INPUT DATA:
"""

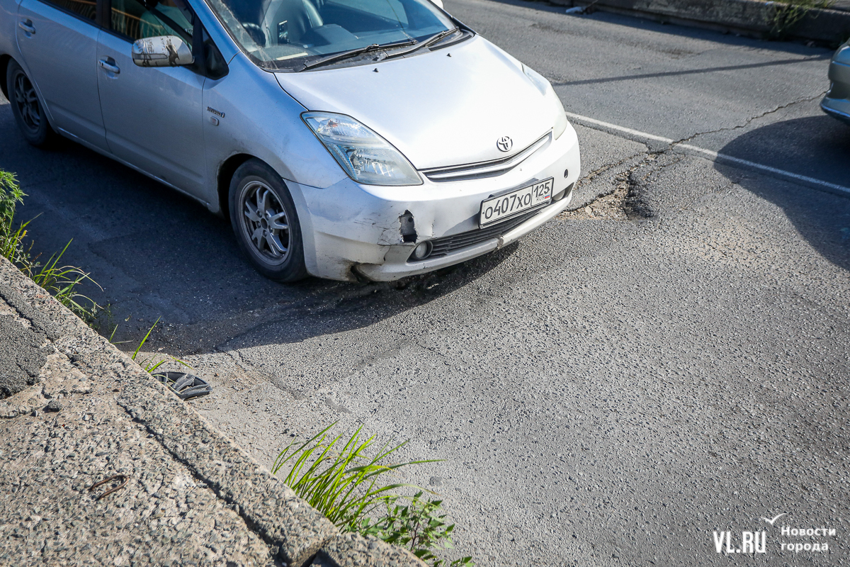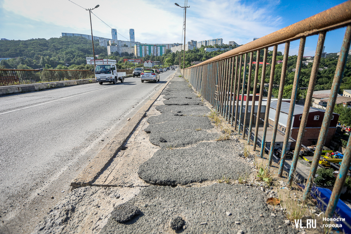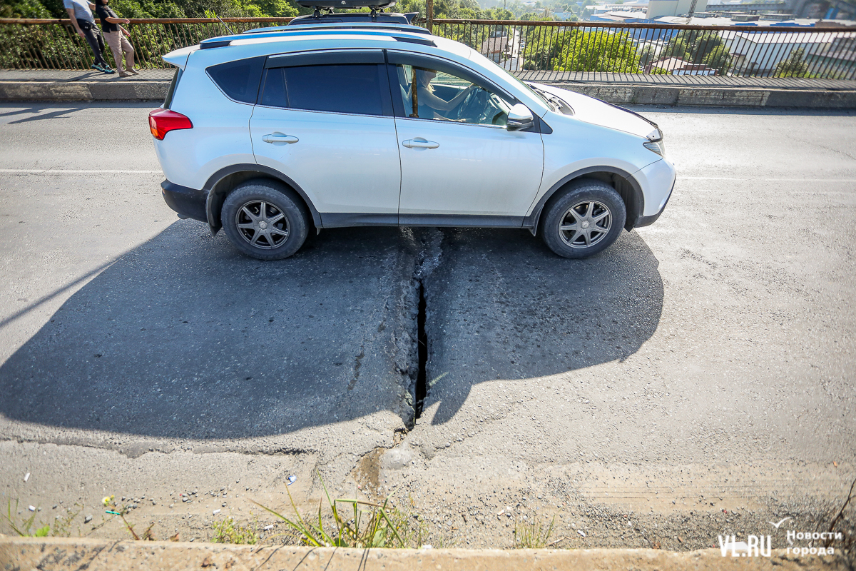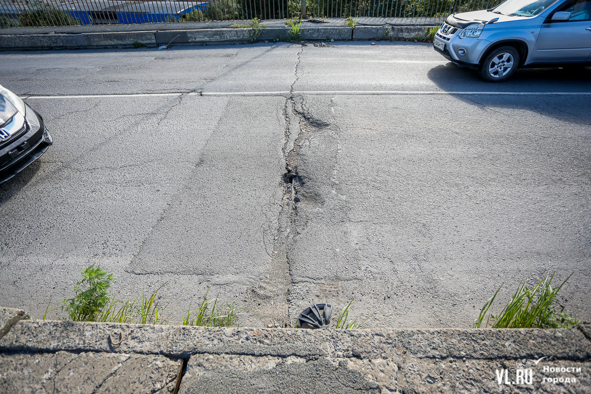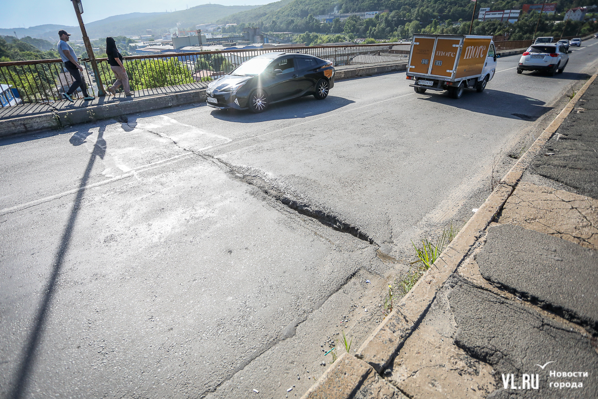 Пробка с Выселковой на Рудневский мост, кажется, уже круглосуточная. Причиной тому стал разошедшийся шов в многострадальном дорожном полотне. Если идти по мосту пешком, то в дыру можно увидеть небольшой кусочек улицы Снеговой, которая проходит под ним. Дальше, у съезда с моста в сторону Луговой, есть ещё один повреждённый шов. Пока там дыра не сквозная, но очень к этому стремится. В администрации Владивостока сообщили, что ремонт на Рудневском проведут в течение двух недель.
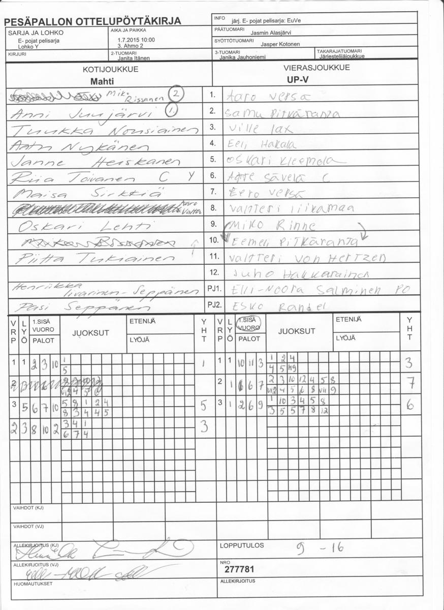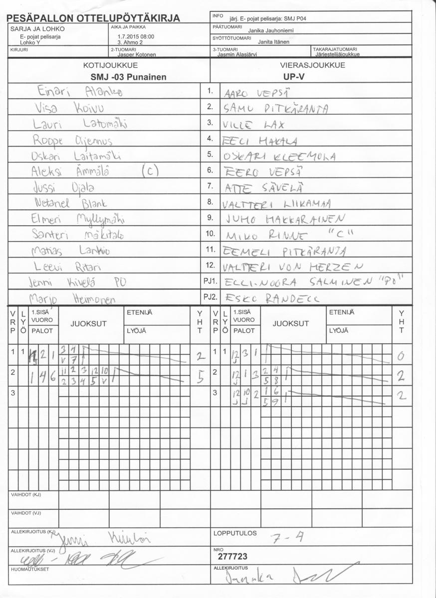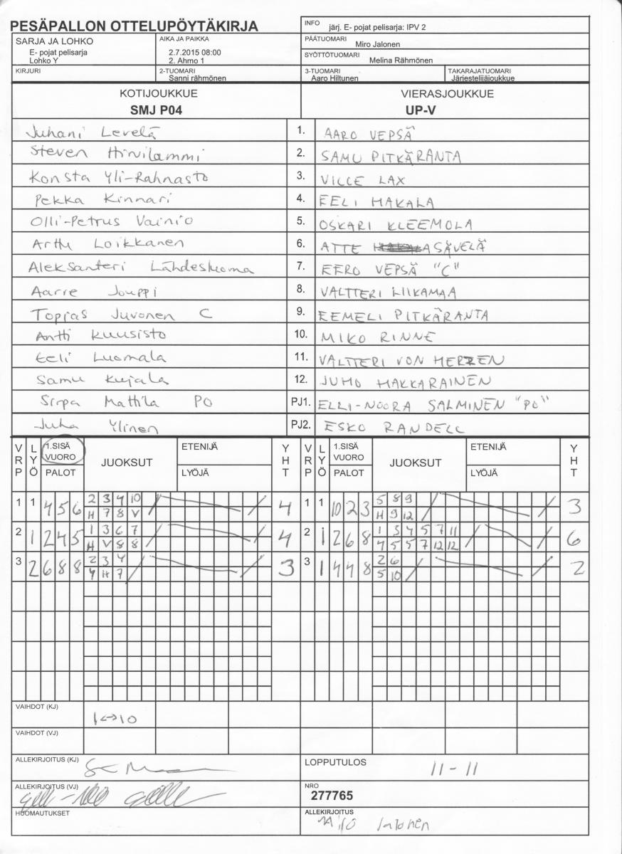 | Lohko Y | 1.7.2015 14:00 | 6. Pöljä | SMJ P04 | Mahti | UP-V |
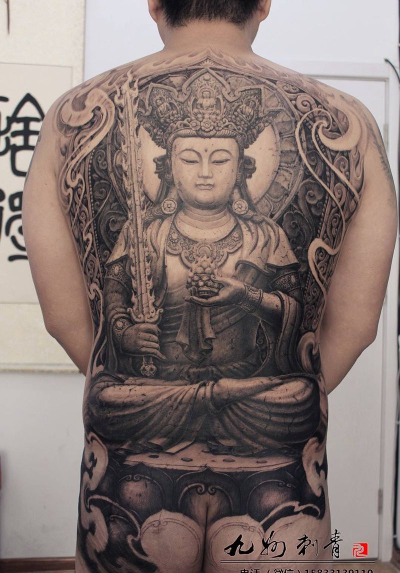 当前位置: 首页 >河北省张家口市纹身店-九州刺青纹身图案>石雕虚空藏菩萨纹身图片
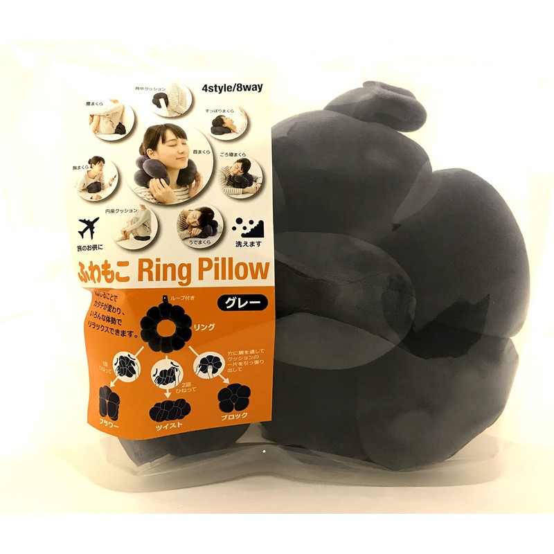 JTB Shoji 519076017 Fuwamoko Ring Pillow, 8 Way, Twist, Change Shape, Gray, 12.6 x 12.6 x 25.6 inches (32 x 32 x 65 cm)

"""

TASK: Give an exact copy of the data, and omit any pictures it holds.

YOUR RESPONSE:
 Пробка с Выселковой на Рудневский мост, кажется, уже круглосуточная. Причиной тому стал разошедшийся шов в многострадальном дорожном полотне. Если идти по мосту пешком, то в дыру можно увидеть небольшой кусочек улицы Снеговой, которая проходит под ним. Дальше, у съезда с моста в сторону Луговой, есть ещё один повреждённый шов. Пока там дыра не сквозная, но очень к этому стремится. В администрации Владивостока сообщили, что ремонт на Рудневском проведут в течение двух недель.
 | Lohko Y | 1.7.2015 14:00 | 6. Pöljä | SMJ P04 | Mahti | UP-V |
 当前位置: 首页 >河北省张家口市纹身店-九州刺青纹身图案>石雕虚空藏菩萨纹身图片
 JTB Shoji 519076017 Fuwamoko Ring Pillow, 8 Way, Twist, Change Shape, Gray, 12.6 x 12.6 x 25.6 inches (32 x 32 x 65 cm)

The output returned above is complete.